Dataset items
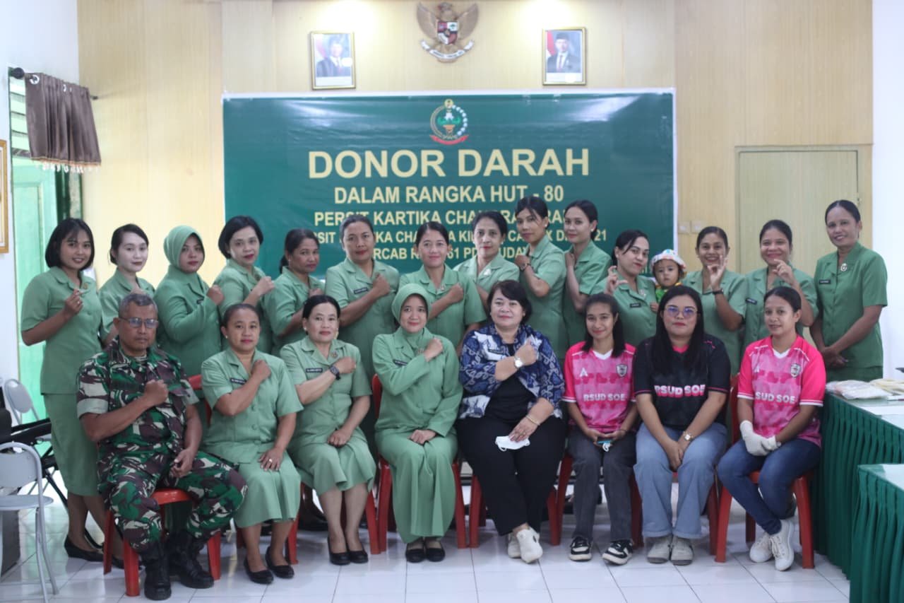 Timor Tengah Selatan – Dalam rangka merayakan Hari Ulang Tahun (HUT) Korem 161/Wira Sakti yang ke-65 dan HUT Persit Kartika Chandra Kirana (KCK) ke-80 pada tahun 2026, Kodim 1621/Timor Tengah Selatan (TTS) menyelenggarakan kegiatan donor darah. Acara ini berlangsung di Aula Makodim 1621/TTS, yang terletak di Jalan Gajah Mada, Kelurahan Cendana, Kabupaten TTS, pada hari Kamis, 5 Februari 2026.
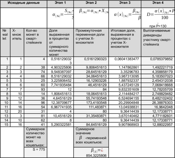 – D – дивиденды, выплачиваемые участнику смарт-стейкинга. Изначальная формула расчёта:;
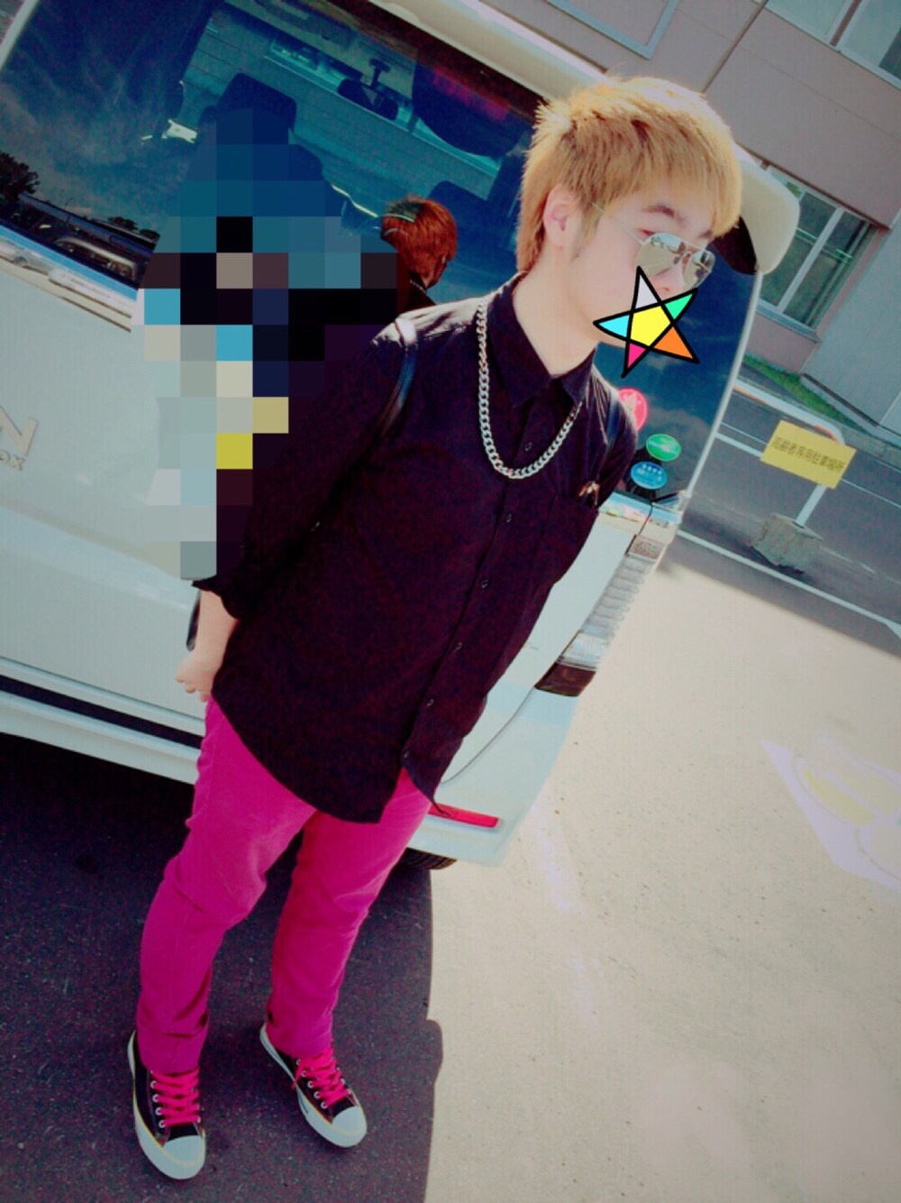 足が短いのは触らないでください。笑 ブランドもサングラス以外何もわからず笑 パンツがボルドーっぽいのかな?ワインレッド?みたいな! あとネックレスが好き!!
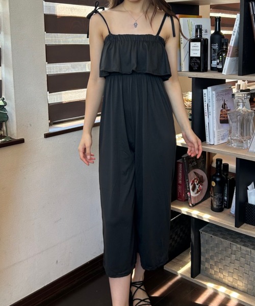 肩の力を抜いたリゾートスタイルにぴったりな、フリルデザインがポイントのキャミソールサロペット.
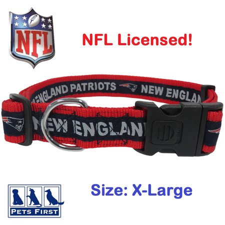 <br /> <b>NFL New England Patriots Strong, Durable, Heavy-Duty Dog Collar, Officially Licensed:</b> <ul> <li>Officially licensed by the NFL; don't be fooled by other unlicensed, lower quality products</li> <li>Hot, cool dog collar features bright NFL team name, logo and colors of your favorite football team</li> <li>Made with strong and durable material yet fashionable too</li> <li>Metal D ring to attach your leash</li> <li>Designed with breakaway buckle for easy open/close</li> </ul>

## PROBLEM TO SOLVE
The copy starts at the line holding "Изначальная формула расчёта:;" and ends at the last line of the records above. Transcribe those lines exactly, pictures excluded.

## RESPONSE BOX
 – D – дивиденды, выплачиваемые участнику смарт-стейкинга. Изначальная формула расчёта:;
 足が短いのは触らないでください。笑 ブランドもサングラス以外何もわからず笑 パンツがボルドーっぽいのかな?ワインレッド?みたいな! あとネックレスが好き!!
 肩の力を抜いたリゾートスタイルにぴったりな、フリルデザインがポイントのキャミソールサロペット.
 <br /> <b>NFL New England Patriots Strong, Durable, Heavy-Duty Dog Collar, Officially Licensed:</b> <ul> <li>Officially licensed by the NFL; don't be fooled by other unlicensed, lower quality products</li> <li>Hot, cool dog collar features bright NFL team name, logo and colors of your favorite football team</li> <li>Made with strong and durable material yet fashionable too</li> <li>Metal D ring to attach your leash</li> <li>Designed with breakaway buckle for easy open/close</li> </ul>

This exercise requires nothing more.